Friends have always mattered, but I’m particularly aware of how important they are right now. When the outer world is in upheaval, stirring up fear and anxiety within, the people whom we love and trust help steady us with their presence. Wise friends make it easier to calm the distracting agitation, hear the inner voice of wisdom, and act in a way that truly serves life.
A few days ago in the company of a trusted friend, I found myself releasing tears that I didn’t even know were there. I had no idea of the weight I carried until the shelter of our friendship allowed me to feel safe enough to acknowledge it. Feeling loved allows us to open our tender hearts. Each of us is carrying more than we know. Recognizing the state we’re in is how we release the burden of our human woundedness into the healing light.
Being aware of our inner state also helps us recognize both positive and negative aspects of ourselves, and to make decisions informed by what is best in us. It helps us recognize the difference between being manipulated and being informed. It allows us to know when our actions come from a place of clarity and wisdom, and when we’re being driven by destructive emotions and blinded by a too-narrow focus.
Outrage and judgment, grief and despair, are natural human emotions arising in many of us in response to the kind of leader this country has chosen to elevate. It’s important to make space in ourselves for these genuine emotions, and it is also important not to cling to them. We can allow emotion to move through us without our being consumed by it.
This is important, because however appropriate these emotional states may feel, they cannot sustain us. Neither can the agitation of an anxious mind, with its anticipation of doom and plans for catastrophe. We need a more steady source of fuel that does not burn us out. We need a connection to the quiet center within. The onslaught of analysis and outrage distracts us from connecting to the deeper wisdom that lets us know the next right step that is ours to take.
Many of us feel dismay at the prospect of dismantled safeguards and deconstructed institutions that may occur in the coming months. Nonetheless, the values that gave rise to those structures remain. Values such as education, justice, civility, and kindness are strengthened and preserved in the lived experience of individual people. We have the power to guard them at the micro-local level where we live our lives.

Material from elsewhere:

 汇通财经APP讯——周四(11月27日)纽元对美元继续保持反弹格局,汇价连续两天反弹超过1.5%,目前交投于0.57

We all have a choice in where to place our attention and energy. I have limited ability to effect change at the national level, which is the focus of most news reporting. There are others in a better position than I to navigate those political waters; perhaps I can find ways to support them. Yet I do have agency. I trust that each of us has important work to do right where we are. In fact, that is the only place where we can work.

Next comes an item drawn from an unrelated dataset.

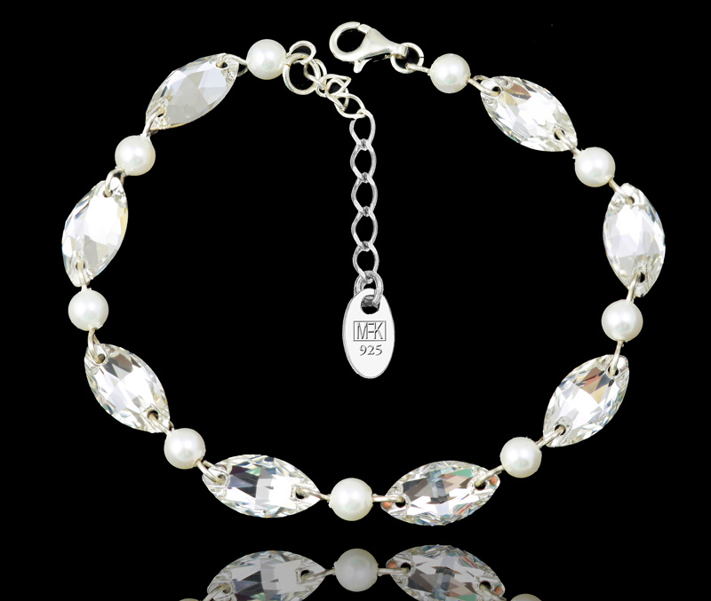 1509 bransoletka srebrna 925 z cyrkoniami i perełkami

The fabric of American society is strained. Small tears are visible in many places. Our enemies exult in this. Finding what is ours to do, individually and in small groups, will yield actions that bring a new fiber into the weave of the beloved and vital fabric of our country. This new fiber, and the ways we find to thread it through the material of American life, will be created from a clear-eyed perception and response to the context of our everyday lives. It will be informed by the Source of life moving through us, grounding us in the ability to really see what is happening, surprising us with new possibilities, and supporting the day-by-day work of holding the fabric together. This fiber may be neither red nor blue. Part of the work involves recognizing that there is much more to a person than how they voted in the election. This, too, is something our enemies want us to deny.
We can’t know exactly what will happen in the coming months, much less years, and we waste our precious energy flinging ourselves at imagined outcomes. Our strength is needed for being present to whatever each moment requires of us. Our energy is needed for guarding our values. Our attention is needed for seeing others in their full humanity, remembering that our entire society is strengthened when we honor and guard the dignity of each individual. People are more complex than any one aspect of their lives.
And in the meantime, it is not only wise but glorious to take sustenance from this life, in the company of those we love, and sustained by the beauty of the natural world. We can be uplifted by those around us, and inspired by the words and the lives of those who have gone before us. There is a great cloud of witnesses who have shown us how to keep the faith. They are whispering, “Do not be afraid.”